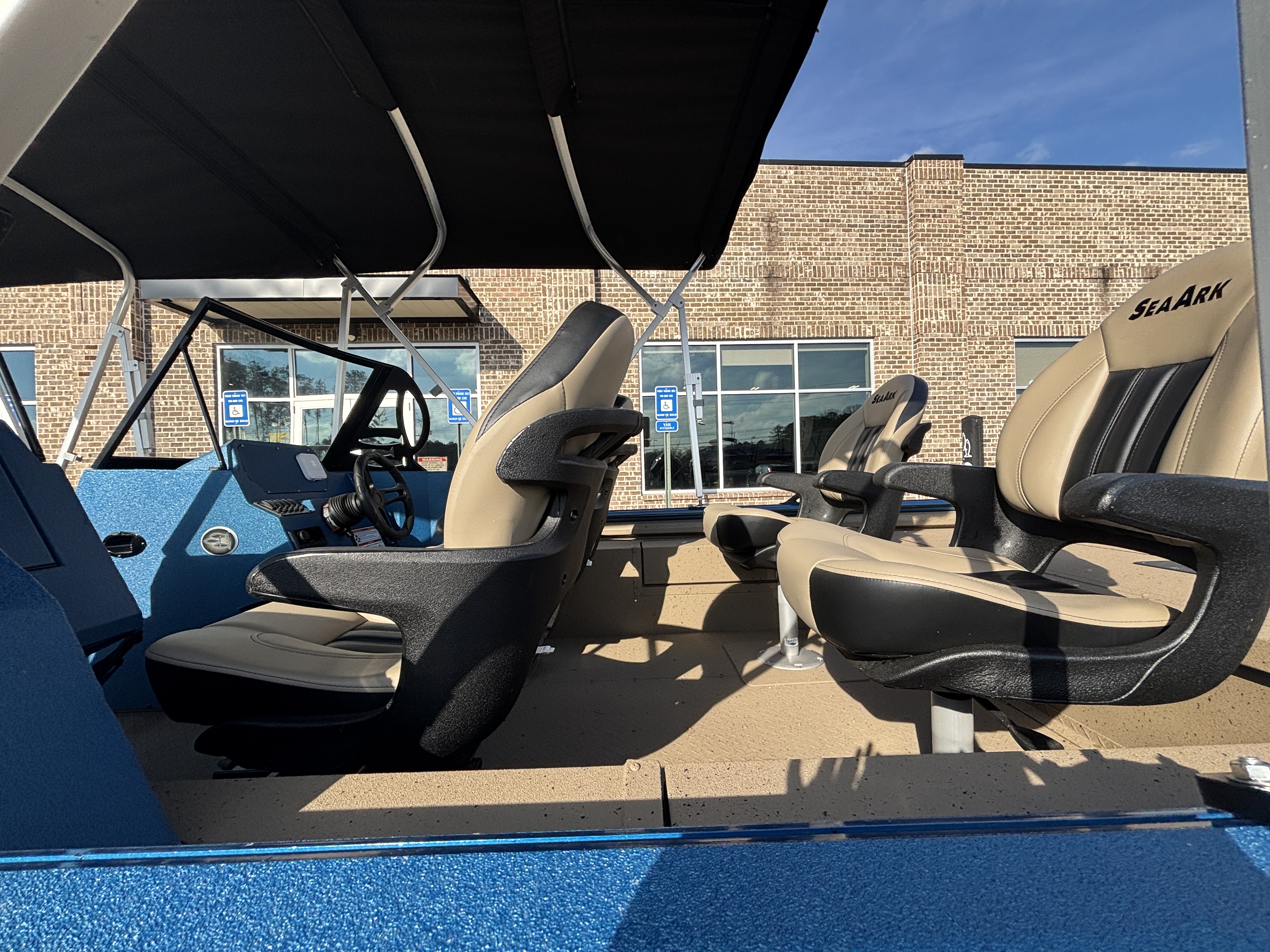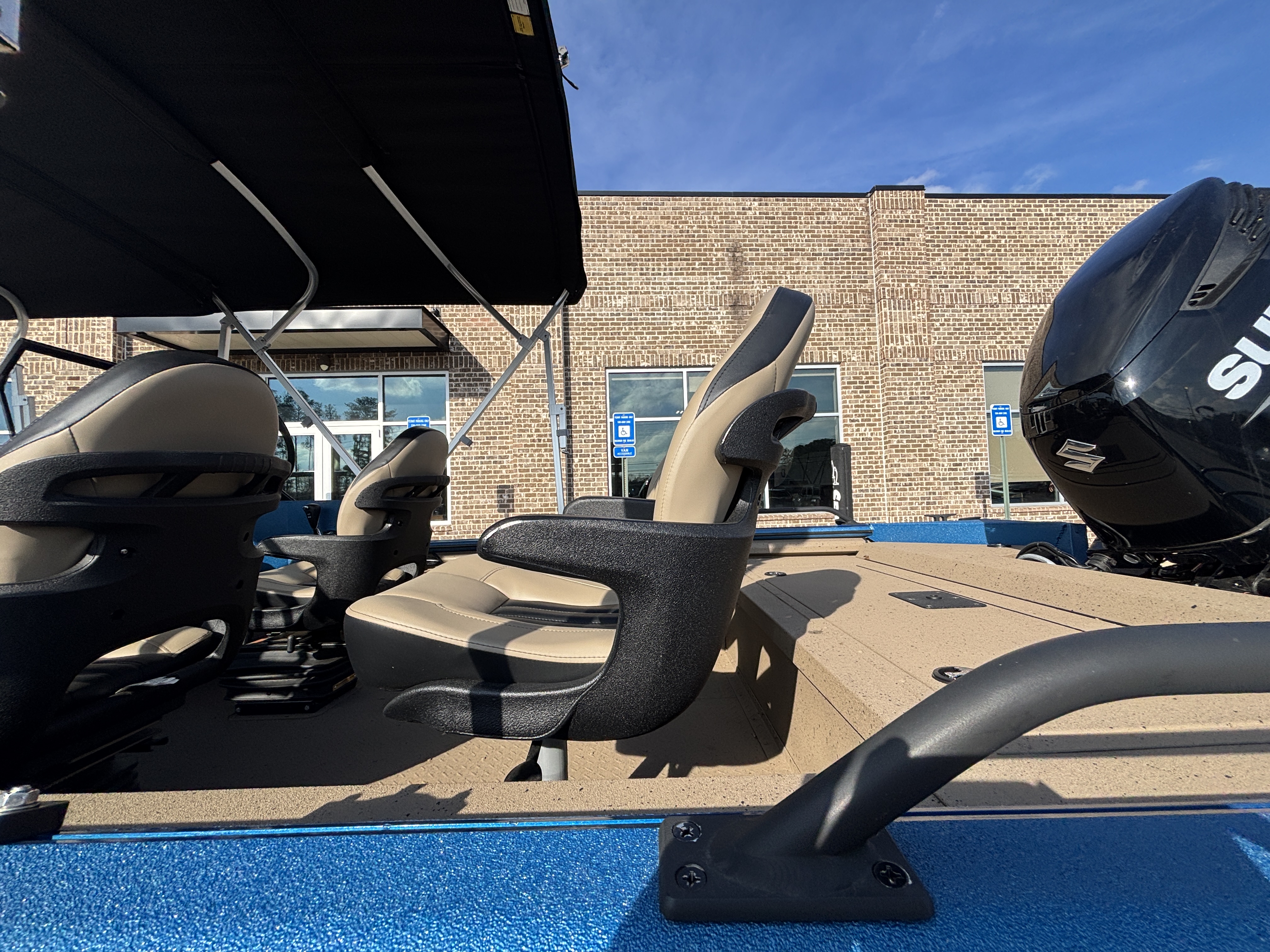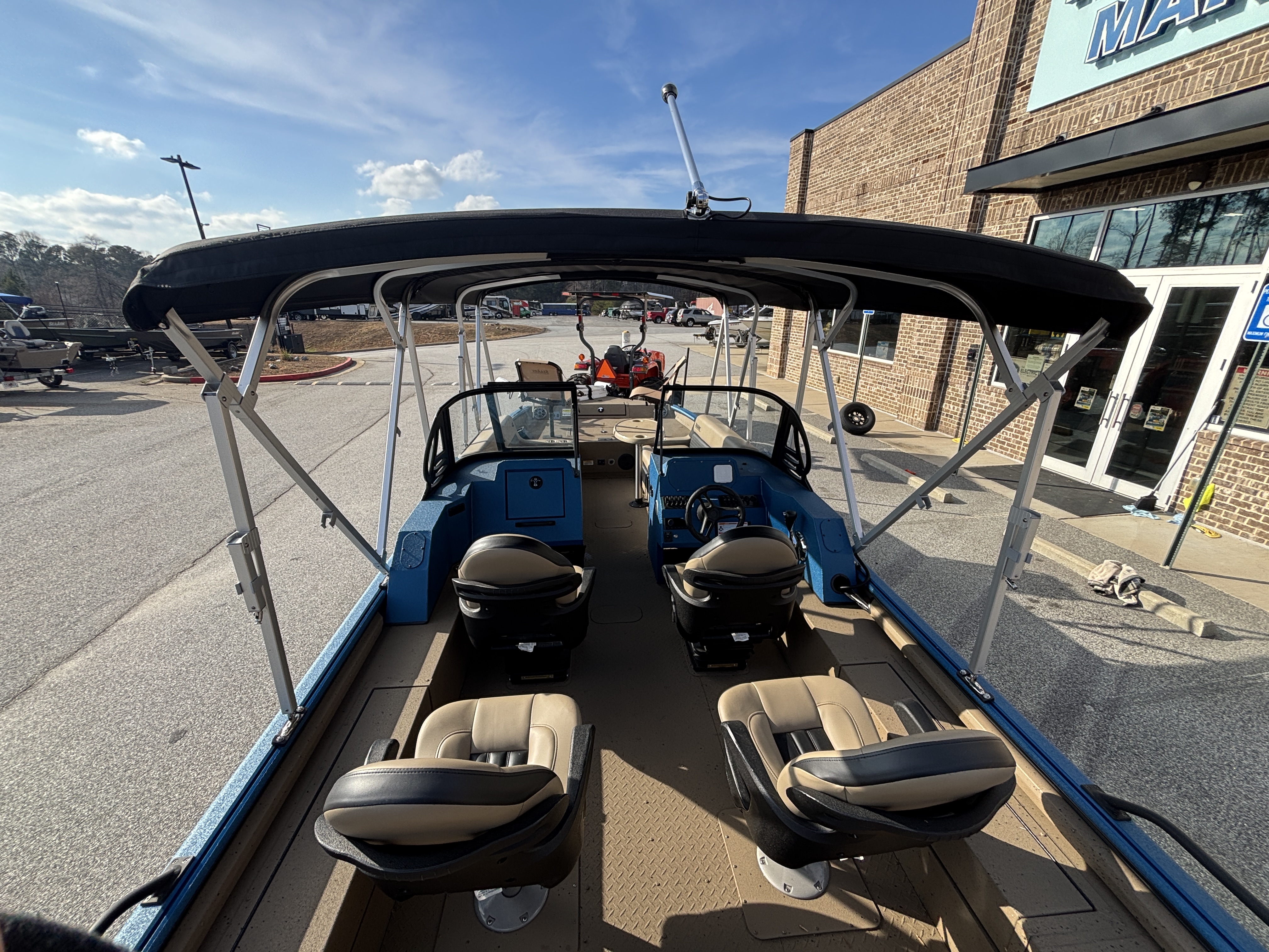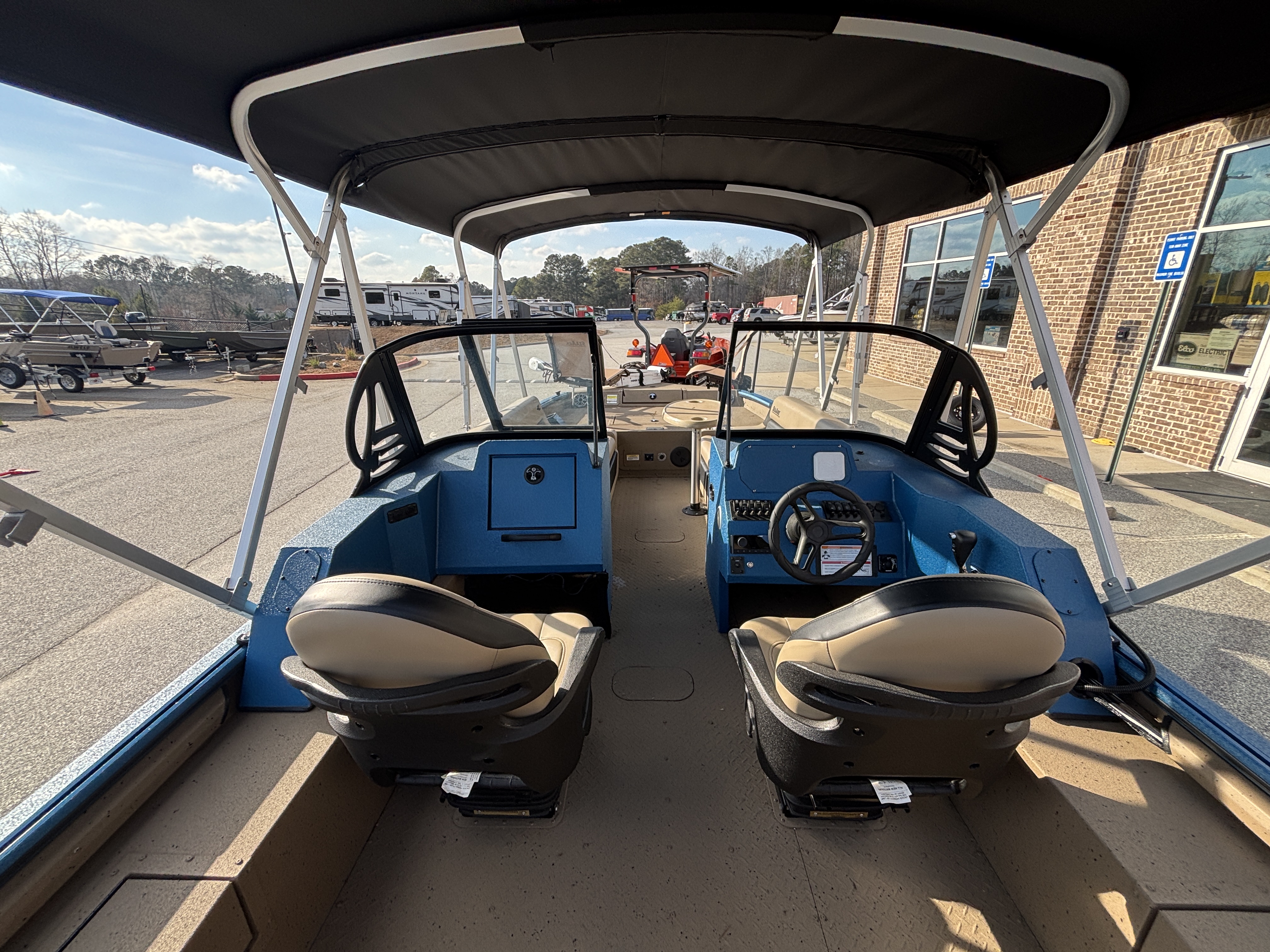 Color Scheme - Dynamic Blue & Tan w/Tan Seating and Interior Splatter Pattern w/ Black Bimini Top
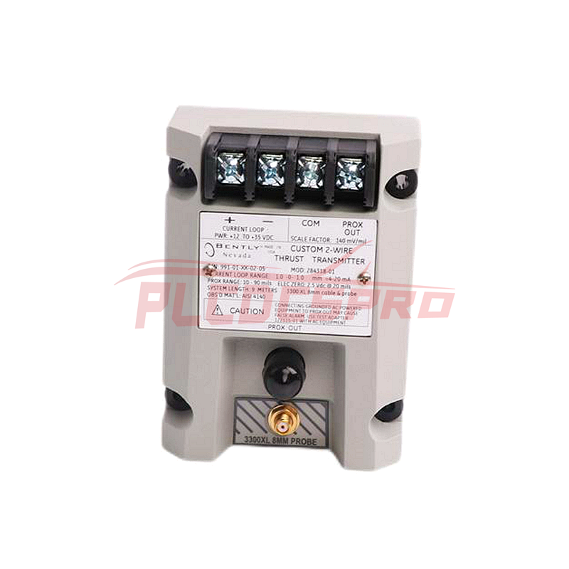 The Bently Nevada 991-25-XX-01-CN is a thrust transmitter designed for OEMs of centrifugal air compressors, small pumps, motors, and fans. It converts axial displacement (thrust) into a 4-20 mA output signal for integration into machinery control systems.
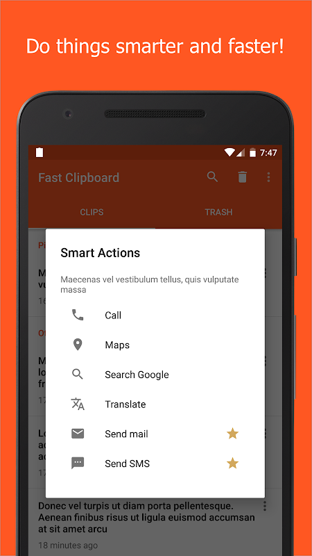 ★ Smart Actions: Do fast and smart actions with your clips, forget about many actions to simple things like a call.
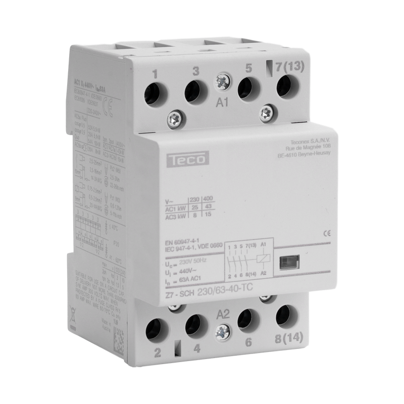 Emballage: Marque: TeconexRéférence: Z7SCH2306340EAN: 4015082857332Description: Contacteur Teco 230VAC 63A 4NOhttps://teconex.eu/fr/produit/cc09f211-d51a-ef4d-9226-189c58abb59e
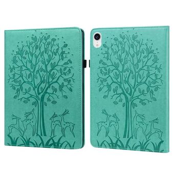 For iPad mini 6 / mini 2024 Tree & Deer Pattern Pressed Printing Leather Tablet Case(Green)
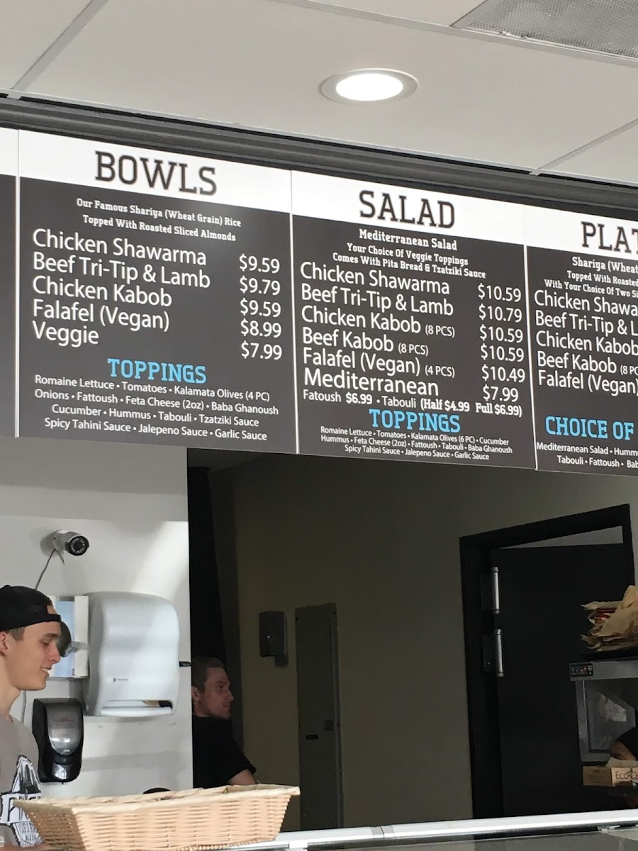 Customers Love to Cater with Us Make your Party THE PARTY! Choice of 2 Proteins, 2 Signature Dips, Pita bread or Chips, 2 Sauces and Our signature Shariya Rice Topped with Roasted Almonds, Mediterranean Salad with Feta cheese and Balsamic Vinaigr...

=== What the task asks ===
Reproduce the whole of the data, word for word, and omit its pictures.

=== Completed exercise ===
 Color Scheme - Dynamic Blue & Tan w/Tan Seating and Interior Splatter Pattern w/ Black Bimini Top
 The Bently Nevada 991-25-XX-01-CN is a thrust transmitter designed for OEMs of centrifugal air compressors, small pumps, motors, and fans. It converts axial displacement (thrust) into a 4-20 mA output signal for integration into machinery control systems.
 ★ Smart Actions: Do fast and smart actions with your clips, forget about many actions to simple things like a call.
 Emballage: Marque: TeconexRéférence: Z7SCH2306340EAN: 4015082857332Description: Contacteur Teco 230VAC 63A 4NOhttps://teconex.eu/fr/produit/cc09f211-d51a-ef4d-9226-189c58abb59e
 For iPad mini 6 / mini 2024 Tree & Deer Pattern Pressed Printing Leather Tablet Case(Green)
 Customers Love to Cater with Us Make your Party THE PARTY! Choice of 2 Proteins, 2 Signature Dips, Pita bread or Chips, 2 Sauces and Our signature Shariya Rice Topped with Roasted Almonds, Mediterranean Salad with Feta cheese and Balsamic Vinaigr...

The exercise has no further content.